--- START ---

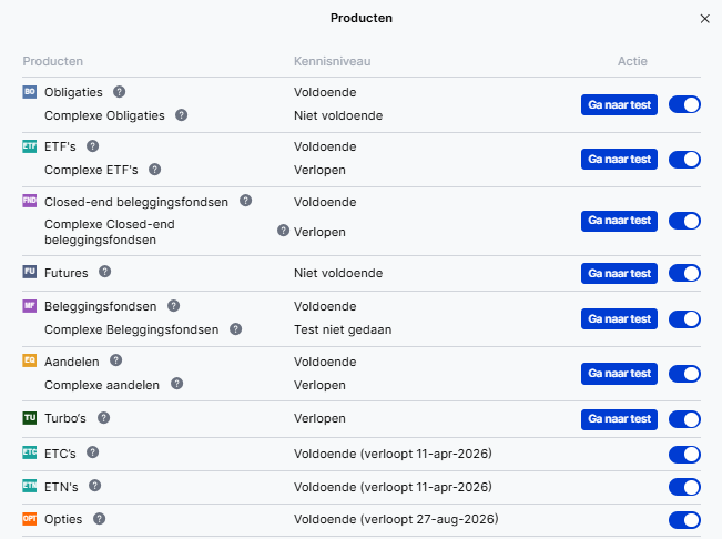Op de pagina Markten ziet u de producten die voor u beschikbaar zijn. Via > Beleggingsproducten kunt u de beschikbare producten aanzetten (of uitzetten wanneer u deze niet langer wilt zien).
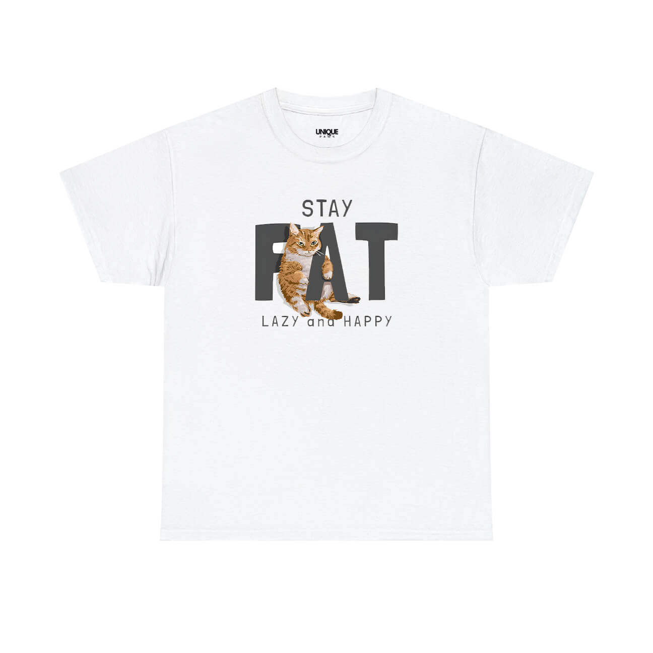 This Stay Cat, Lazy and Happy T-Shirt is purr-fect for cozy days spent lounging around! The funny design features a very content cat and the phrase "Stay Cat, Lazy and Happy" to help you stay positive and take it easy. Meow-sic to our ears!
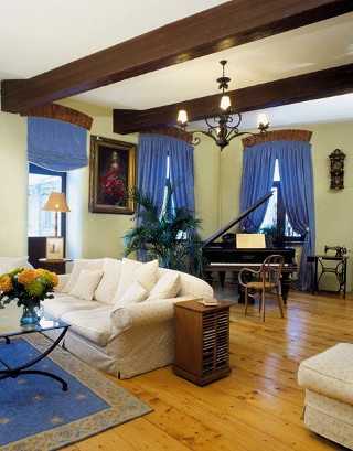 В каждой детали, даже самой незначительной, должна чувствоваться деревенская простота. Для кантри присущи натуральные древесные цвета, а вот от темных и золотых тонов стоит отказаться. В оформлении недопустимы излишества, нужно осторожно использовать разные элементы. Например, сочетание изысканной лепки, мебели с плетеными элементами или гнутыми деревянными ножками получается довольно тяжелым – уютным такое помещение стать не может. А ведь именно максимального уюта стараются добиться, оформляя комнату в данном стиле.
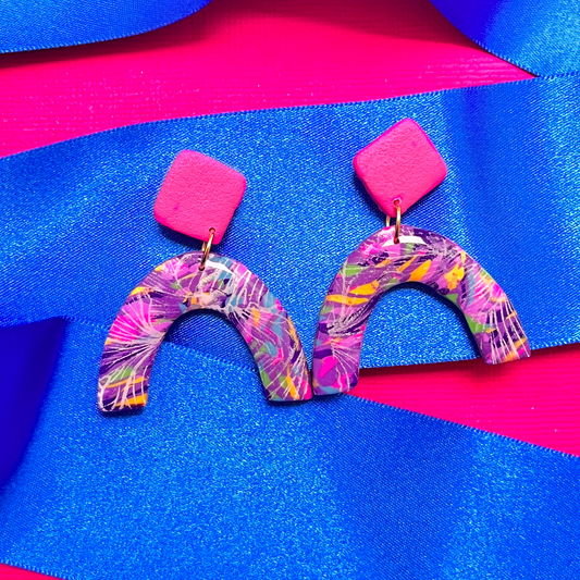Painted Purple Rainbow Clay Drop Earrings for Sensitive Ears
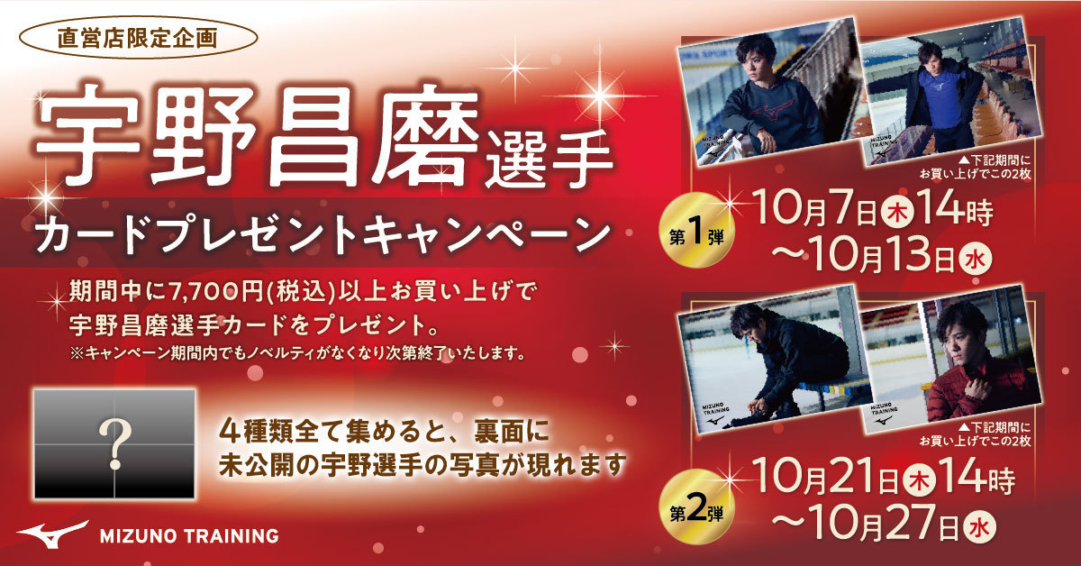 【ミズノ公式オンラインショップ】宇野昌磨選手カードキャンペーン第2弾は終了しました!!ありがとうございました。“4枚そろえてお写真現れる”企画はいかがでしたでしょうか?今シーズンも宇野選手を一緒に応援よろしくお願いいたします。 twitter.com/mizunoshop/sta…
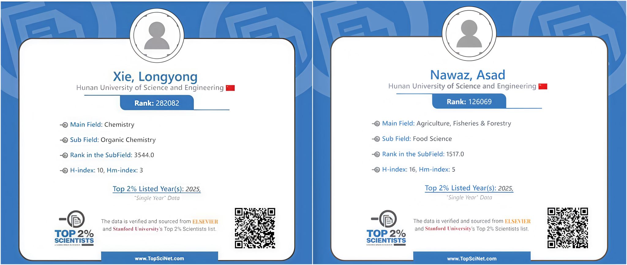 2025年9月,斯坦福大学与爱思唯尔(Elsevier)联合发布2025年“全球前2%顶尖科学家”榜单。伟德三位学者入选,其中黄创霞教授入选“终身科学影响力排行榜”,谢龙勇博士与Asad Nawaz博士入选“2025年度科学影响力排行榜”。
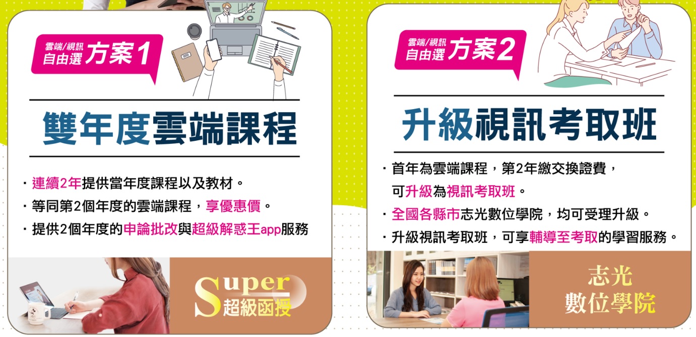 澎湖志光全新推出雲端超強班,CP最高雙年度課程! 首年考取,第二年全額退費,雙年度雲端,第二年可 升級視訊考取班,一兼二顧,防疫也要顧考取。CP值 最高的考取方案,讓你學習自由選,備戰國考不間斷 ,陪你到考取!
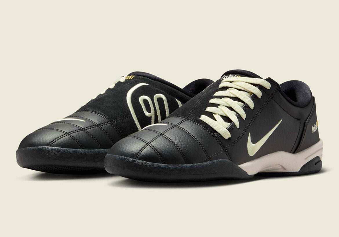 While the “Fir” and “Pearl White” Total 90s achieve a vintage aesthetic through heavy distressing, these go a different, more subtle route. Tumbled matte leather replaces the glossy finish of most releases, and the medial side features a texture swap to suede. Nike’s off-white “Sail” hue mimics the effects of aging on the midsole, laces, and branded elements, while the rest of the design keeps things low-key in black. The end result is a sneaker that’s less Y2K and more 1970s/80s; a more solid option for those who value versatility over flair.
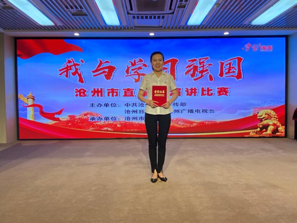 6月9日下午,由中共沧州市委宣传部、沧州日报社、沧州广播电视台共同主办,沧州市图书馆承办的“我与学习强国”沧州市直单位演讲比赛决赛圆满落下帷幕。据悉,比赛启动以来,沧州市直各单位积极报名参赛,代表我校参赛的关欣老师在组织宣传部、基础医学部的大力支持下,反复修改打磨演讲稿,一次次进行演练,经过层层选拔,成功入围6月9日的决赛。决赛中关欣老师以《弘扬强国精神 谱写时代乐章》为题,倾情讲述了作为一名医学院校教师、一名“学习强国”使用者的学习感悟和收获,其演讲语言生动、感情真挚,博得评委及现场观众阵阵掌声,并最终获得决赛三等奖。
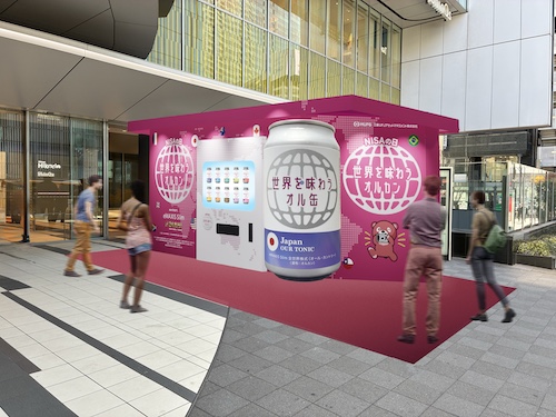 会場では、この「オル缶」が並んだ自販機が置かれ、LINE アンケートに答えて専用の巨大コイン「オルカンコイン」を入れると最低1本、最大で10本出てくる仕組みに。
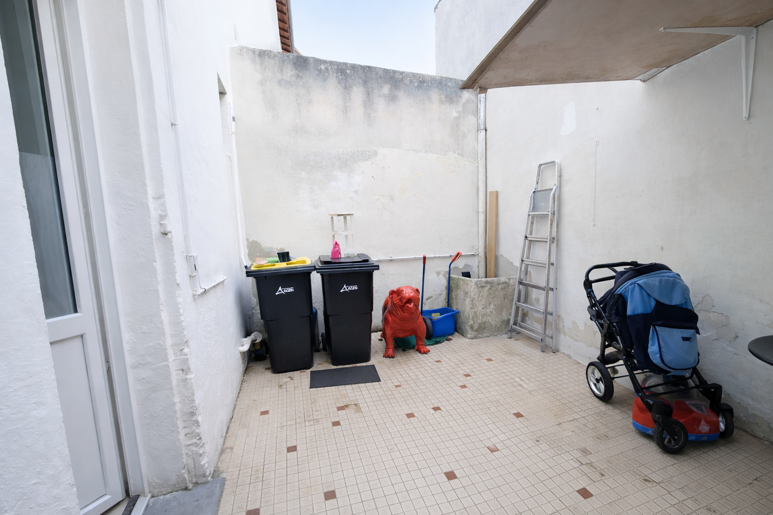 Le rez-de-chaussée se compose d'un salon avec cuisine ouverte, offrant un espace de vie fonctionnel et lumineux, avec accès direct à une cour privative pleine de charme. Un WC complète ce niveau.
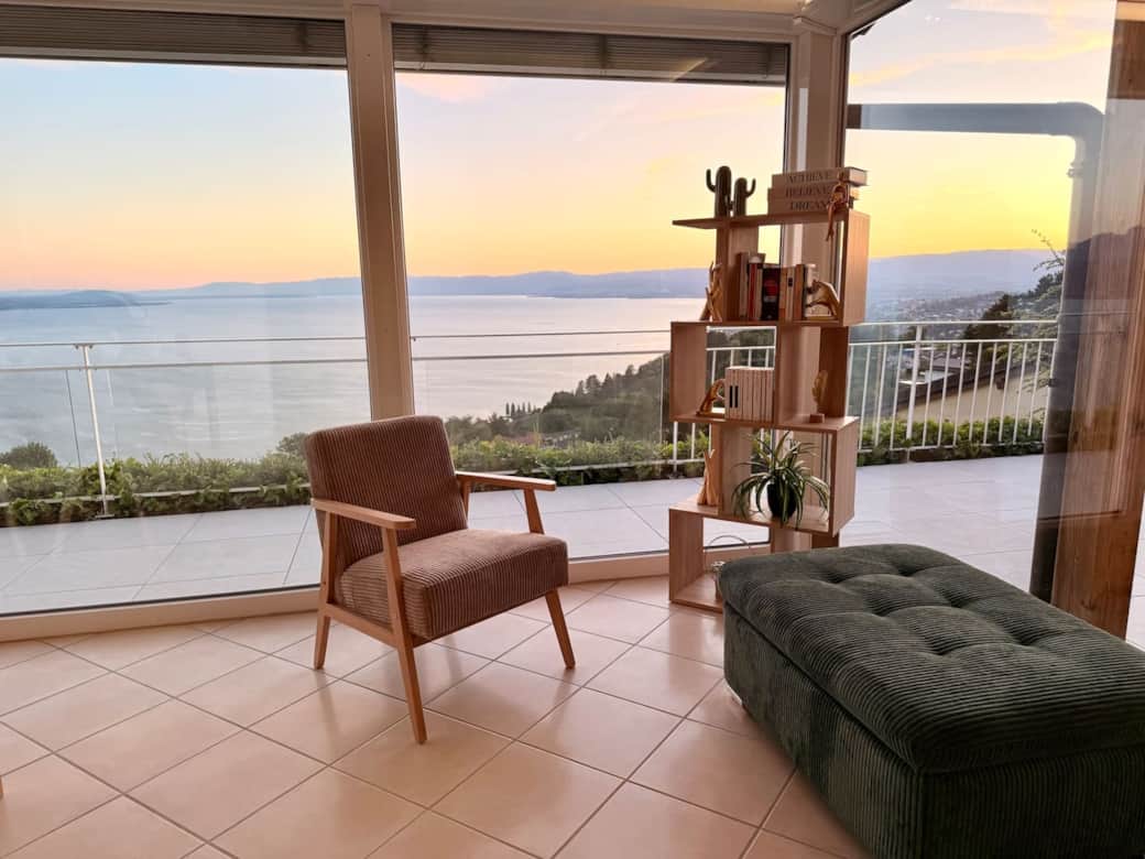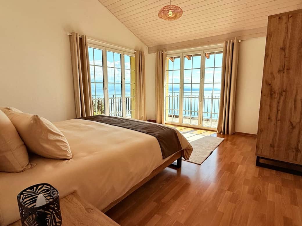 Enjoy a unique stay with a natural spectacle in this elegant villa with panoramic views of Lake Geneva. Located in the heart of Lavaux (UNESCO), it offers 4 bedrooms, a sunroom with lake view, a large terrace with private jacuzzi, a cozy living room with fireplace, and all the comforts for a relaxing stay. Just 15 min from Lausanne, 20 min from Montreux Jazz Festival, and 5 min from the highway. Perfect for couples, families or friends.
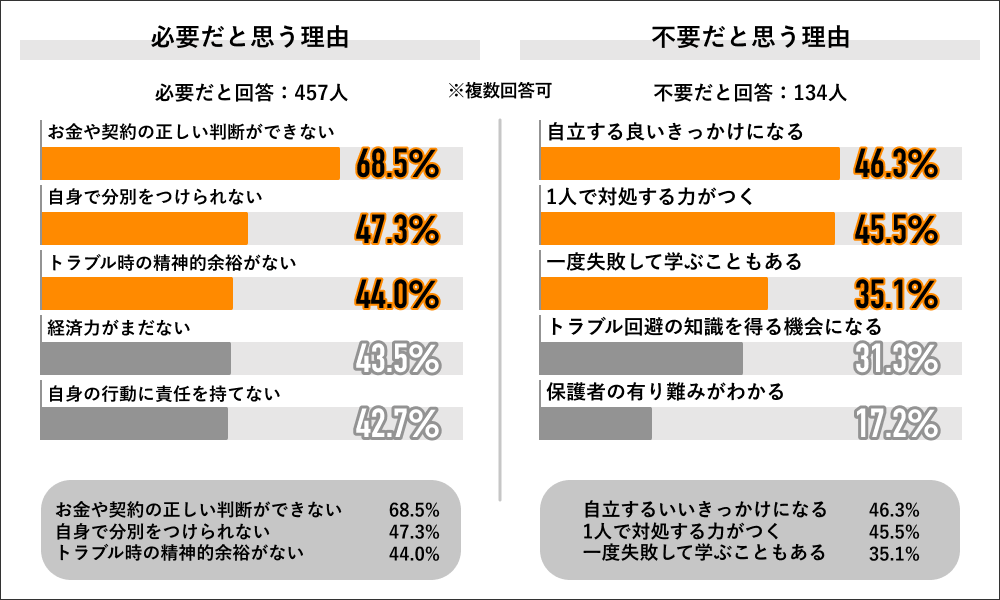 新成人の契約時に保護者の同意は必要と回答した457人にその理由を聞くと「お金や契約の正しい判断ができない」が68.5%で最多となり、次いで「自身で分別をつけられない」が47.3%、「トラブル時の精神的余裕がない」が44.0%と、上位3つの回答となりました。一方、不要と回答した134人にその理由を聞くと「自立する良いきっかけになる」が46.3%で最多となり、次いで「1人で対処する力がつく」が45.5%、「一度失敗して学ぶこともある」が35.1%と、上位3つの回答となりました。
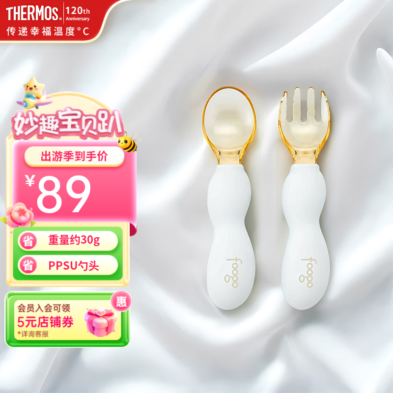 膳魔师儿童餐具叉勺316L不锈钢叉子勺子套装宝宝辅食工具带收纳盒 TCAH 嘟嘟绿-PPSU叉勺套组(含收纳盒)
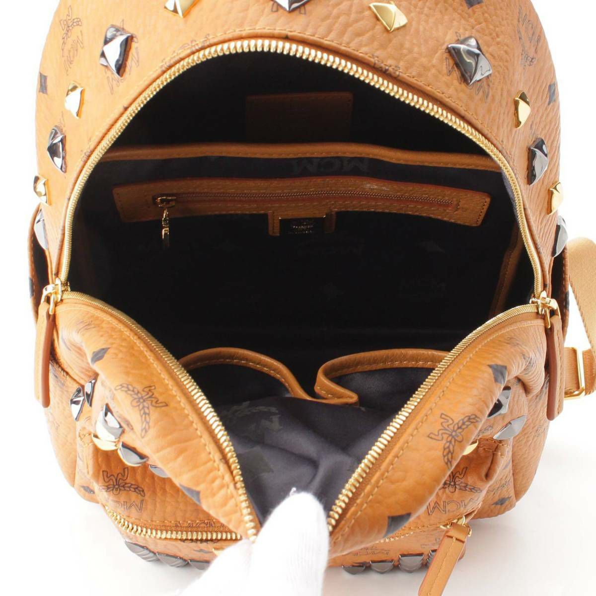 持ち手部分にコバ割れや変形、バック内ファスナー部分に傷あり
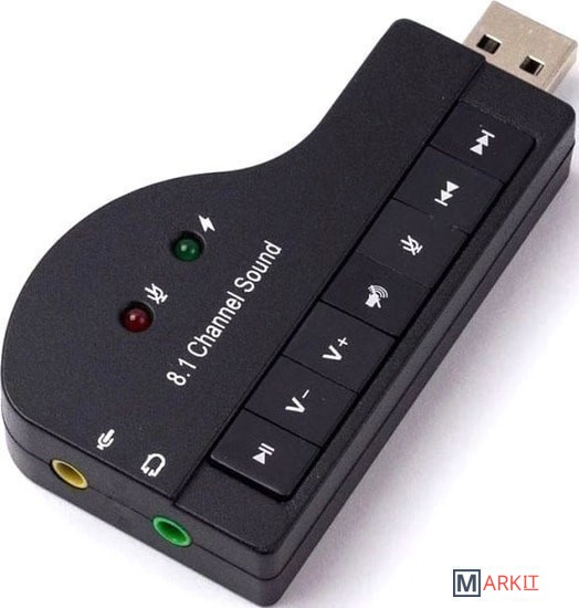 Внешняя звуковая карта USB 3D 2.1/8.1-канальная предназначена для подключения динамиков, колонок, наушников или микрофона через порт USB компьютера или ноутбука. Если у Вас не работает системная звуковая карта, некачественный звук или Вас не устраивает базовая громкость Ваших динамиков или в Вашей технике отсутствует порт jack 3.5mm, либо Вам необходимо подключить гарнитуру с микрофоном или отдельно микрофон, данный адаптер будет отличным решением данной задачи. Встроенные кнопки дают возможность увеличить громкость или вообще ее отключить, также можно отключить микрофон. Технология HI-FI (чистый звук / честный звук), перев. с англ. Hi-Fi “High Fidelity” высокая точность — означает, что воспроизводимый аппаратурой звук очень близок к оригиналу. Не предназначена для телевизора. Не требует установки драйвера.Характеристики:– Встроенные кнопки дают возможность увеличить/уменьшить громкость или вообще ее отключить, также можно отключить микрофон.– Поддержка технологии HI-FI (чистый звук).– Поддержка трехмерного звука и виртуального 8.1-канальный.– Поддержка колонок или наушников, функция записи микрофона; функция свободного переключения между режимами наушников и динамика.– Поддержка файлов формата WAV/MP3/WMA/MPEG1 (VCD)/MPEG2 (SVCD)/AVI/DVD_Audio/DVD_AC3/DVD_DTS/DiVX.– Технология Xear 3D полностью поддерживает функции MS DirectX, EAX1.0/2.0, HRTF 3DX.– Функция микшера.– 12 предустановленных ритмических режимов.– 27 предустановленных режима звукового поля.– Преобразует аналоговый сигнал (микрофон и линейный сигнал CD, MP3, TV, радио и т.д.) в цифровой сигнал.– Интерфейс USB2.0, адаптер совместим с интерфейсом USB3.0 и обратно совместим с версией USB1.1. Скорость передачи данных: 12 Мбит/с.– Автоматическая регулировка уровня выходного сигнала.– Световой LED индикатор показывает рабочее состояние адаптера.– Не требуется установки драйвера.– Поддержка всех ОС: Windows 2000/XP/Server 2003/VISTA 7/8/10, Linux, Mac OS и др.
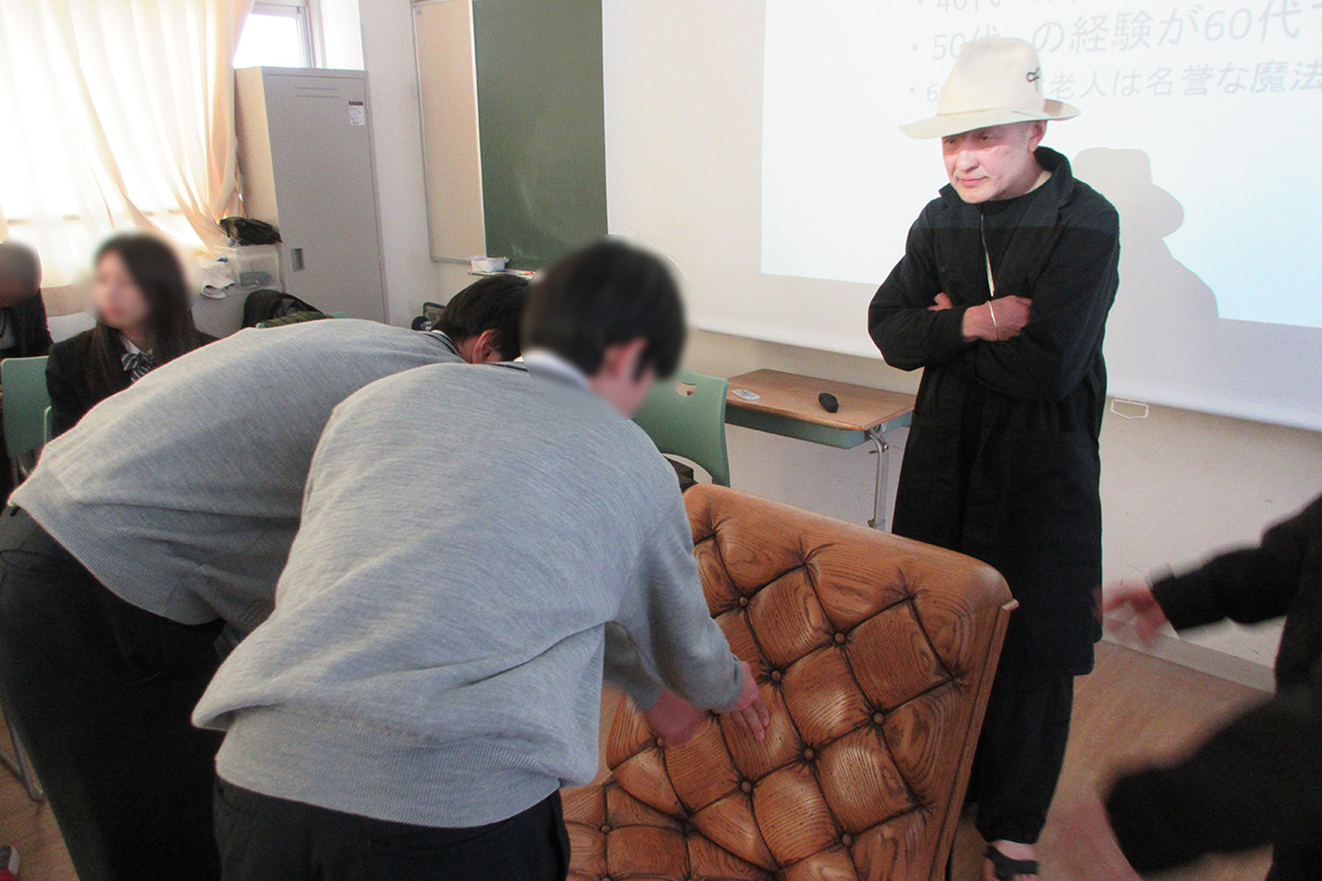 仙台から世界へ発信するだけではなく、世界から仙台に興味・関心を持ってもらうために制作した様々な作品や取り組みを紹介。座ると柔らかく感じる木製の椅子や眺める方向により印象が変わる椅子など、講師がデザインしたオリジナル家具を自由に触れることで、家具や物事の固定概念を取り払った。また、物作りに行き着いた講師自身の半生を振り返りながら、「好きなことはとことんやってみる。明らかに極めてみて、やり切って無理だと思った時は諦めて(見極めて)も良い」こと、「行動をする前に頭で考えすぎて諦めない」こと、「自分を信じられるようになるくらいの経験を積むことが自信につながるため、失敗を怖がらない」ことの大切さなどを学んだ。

--- END ---

Provide the lines again, unchanged, from where the data above begins through the line containing "6月9日下午,由中共沧州市委", both ends included, omitting pictures and adding nothing.

Op de pagina Markten ziet u de producten die voor u beschikbaar zijn. Via > Beleggingsproducten kunt u de beschikbare producten aanzetten (of uitzetten wanneer u deze niet langer wilt zien).
 This Stay Cat, Lazy and Happy T-Shirt is purr-fect for cozy days spent lounging around! The funny design features a very content cat and the phrase "Stay Cat, Lazy and Happy" to help you stay positive and take it easy. Meow-sic to our ears!
 В каждой детали, даже самой незначительной, должна чувствоваться деревенская простота. Для кантри присущи натуральные древесные цвета, а вот от темных и золотых тонов стоит отказаться. В оформлении недопустимы излишества, нужно осторожно использовать разные элементы. Например, сочетание изысканной лепки, мебели с плетеными элементами или гнутыми деревянными ножками получается довольно тяжелым – уютным такое помещение стать не может. А ведь именно максимального уюта стараются добиться, оформляя комнату в данном стиле.
Painted Purple Rainbow Clay Drop Earrings for Sensitive Ears
 【ミズノ公式オンラインショップ】宇野昌磨選手カードキャンペーン第2弾は終了しました!!ありがとうございました。“4枚そろえてお写真現れる”企画はいかがでしたでしょうか?今シーズンも宇野選手を一緒に応援よろしくお願いいたします。 twitter.com/mizunoshop/sta…
 2025年9月,斯坦福大学与爱思唯尔(Elsevier)联合发布2025年“全球前2%顶尖科学家”榜单。伟德三位学者入选,其中黄创霞教授入选“终身科学影响力排行榜”,谢龙勇博士与Asad Nawaz博士入选“2025年度科学影响力排行榜”。
 澎湖志光全新推出雲端超強班,CP最高雙年度課程! 首年考取,第二年全額退費,雙年度雲端,第二年可 升級視訊考取班,一兼二顧,防疫也要顧考取。CP值 最高的考取方案,讓你學習自由選,備戰國考不間斷 ,陪你到考取!
 While the “Fir” and “Pearl White” Total 90s achieve a vintage aesthetic through heavy distressing, these go a different, more subtle route. Tumbled matte leather replaces the glossy finish of most releases, and the medial side features a texture swap to suede. Nike’s off-white “Sail” hue mimics the effects of aging on the midsole, laces, and branded elements, while the rest of the design keeps things low-key in black. The end result is a sneaker that’s less Y2K and more 1970s/80s; a more solid option for those who value versatility over flair.
 6月9日下午,由中共沧州市委宣传部、沧州日报社、沧州广播电视台共同主办,沧州市图书馆承办的“我与学习强国”沧州市直单位演讲比赛决赛圆满落下帷幕。据悉,比赛启动以来,沧州市直各单位积极报名参赛,代表我校参赛的关欣老师在组织宣传部、基础医学部的大力支持下,反复修改打磨演讲稿,一次次进行演练,经过层层选拔,成功入围6月9日的决赛。决赛中关欣老师以《弘扬强国精神 谱写时代乐章》为题,倾情讲述了作为一名医学院校教师、一名“学习强国”使用者的学习感悟和收获,其演讲语言生动、感情真挚,博得评委及现场观众阵阵掌声,并最终获得决赛三等奖。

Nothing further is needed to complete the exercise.